#### WHAT THE TASK ASKS
Copy out all of the data word for word. Omit every picture.

#### RAW DATA
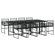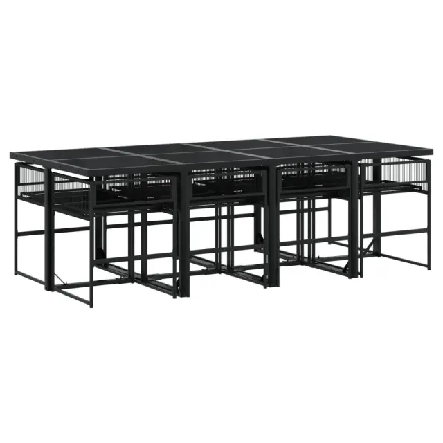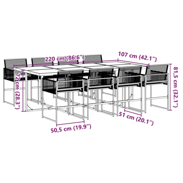 Ta vrtna jedilna garnitura je odlična izbira za večerjo na prostem ali za sprostitev na vrtu, dvorišču ali terasi. Vzdržljiv material: PE ratan, znan tudi kot poli ratan, je močan sintetični material, ki zahteva malo vzdrževanja in je videti kot naravni ratan. Je lahek, enostaven za čiščenje in se zaradi svoje vzdržljivosti in odpornosti na vremenske vplive pogosto uporablja za zunanje pohištvo. Steklena mizna plošča: Površina zunanje mize je izdelana iz močnega in trpežnega kaljenega stekla, kar omogoča enostavno čiščenje z vlažno krpo in vašemu zunanjemu prostoru doda pridih elegance. Kompaktno shranjevanje: Te stole je mogoče zložiti, zato jih je enostavno shraniti pod mizo. Ko so zloženi, se lepo prilegajo pod mizo in tvorijo prostorsko varčno kocko. Dobro je vedeti:Če želite, da vaše zunanje pohištvo ostane lepo, vam priporočamo, da ga zaščitite z vodoodporno prevleko.Maksimalna nosilnost (na sedež): 110 kgUV-odpornoPotrebno sestavljanje: DaMiza:Barva: ČrnaMaterial: PE ratan, jeklo s prašnim premazom, stekloDimenzije: 220 x 107 x 72 cm (D x Š x V)Stol:Barva: ČrnaMaterial: PE ratan, jeklen okvir s prašnim premazomDimenzije: 50,5 x 51 x 81,5 cm (Š x G x V)Velikost sedeža: 47 x 38 cm (Š x G)Višina sedeža od tal: 44 cmVišina naslonjala za roke od tal: 65 cmPaket vsebuje:1 x Vrtna miza8 x Vrtni stol 3295050
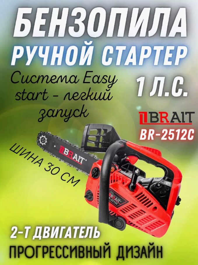 Купить Пила цепная бензиновая BRAIT BR-2512С 1 л. с, легкий запуск, шина 30 см
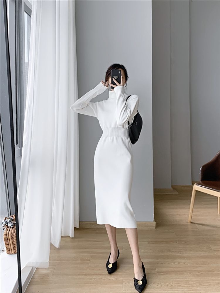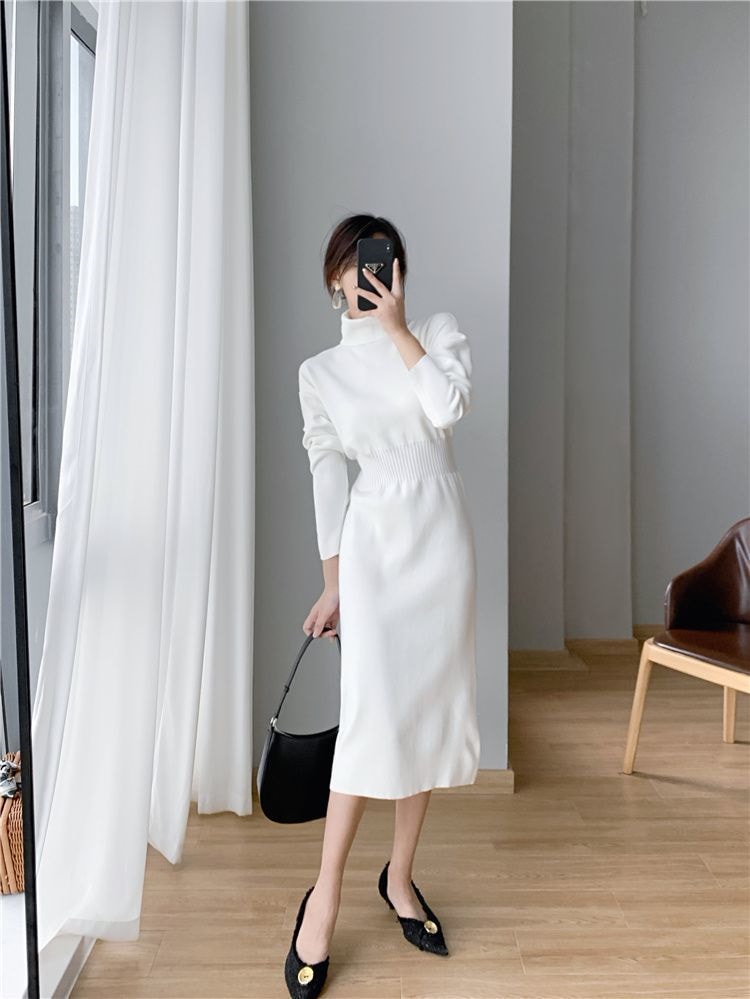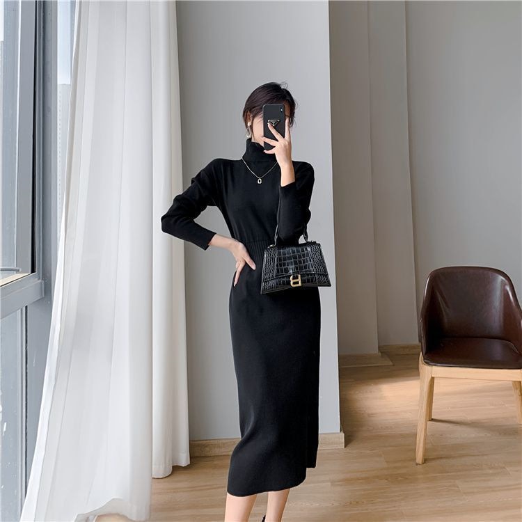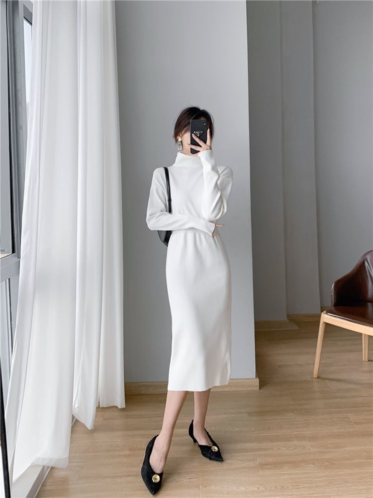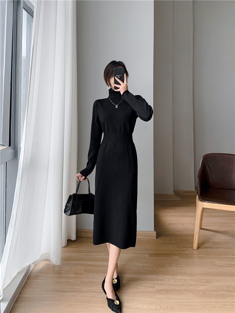 秋冬新作 セーターニット長袖 ワンピース ウエスト引き締め ロング丈 ベーシックニットロングワンピ ニットワンピ

#### REPLY TO THE TASK
 Ta vrtna jedilna garnitura je odlična izbira za večerjo na prostem ali za sprostitev na vrtu, dvorišču ali terasi. Vzdržljiv material: PE ratan, znan tudi kot poli ratan, je močan sintetični material, ki zahteva malo vzdrževanja in je videti kot naravni ratan. Je lahek, enostaven za čiščenje in se zaradi svoje vzdržljivosti in odpornosti na vremenske vplive pogosto uporablja za zunanje pohištvo. Steklena mizna plošča: Površina zunanje mize je izdelana iz močnega in trpežnega kaljenega stekla, kar omogoča enostavno čiščenje z vlažno krpo in vašemu zunanjemu prostoru doda pridih elegance. Kompaktno shranjevanje: Te stole je mogoče zložiti, zato jih je enostavno shraniti pod mizo. Ko so zloženi, se lepo prilegajo pod mizo in tvorijo prostorsko varčno kocko. Dobro je vedeti:Če želite, da vaše zunanje pohištvo ostane lepo, vam priporočamo, da ga zaščitite z vodoodporno prevleko.Maksimalna nosilnost (na sedež): 110 kgUV-odpornoPotrebno sestavljanje: DaMiza:Barva: ČrnaMaterial: PE ratan, jeklo s prašnim premazom, stekloDimenzije: 220 x 107 x 72 cm (D x Š x V)Stol:Barva: ČrnaMaterial: PE ratan, jeklen okvir s prašnim premazomDimenzije: 50,5 x 51 x 81,5 cm (Š x G x V)Velikost sedeža: 47 x 38 cm (Š x G)Višina sedeža od tal: 44 cmVišina naslonjala za roke od tal: 65 cmPaket vsebuje:1 x Vrtna miza8 x Vrtni stol 3295050
 Купить Пила цепная бензиновая BRAIT BR-2512С 1 л. с, легкий запуск, шина 30 см
 秋冬新作 セーターニット長袖 ワンピース ウエスト引き締め ロング丈 ベーシックニットロングワンピ ニットワンピ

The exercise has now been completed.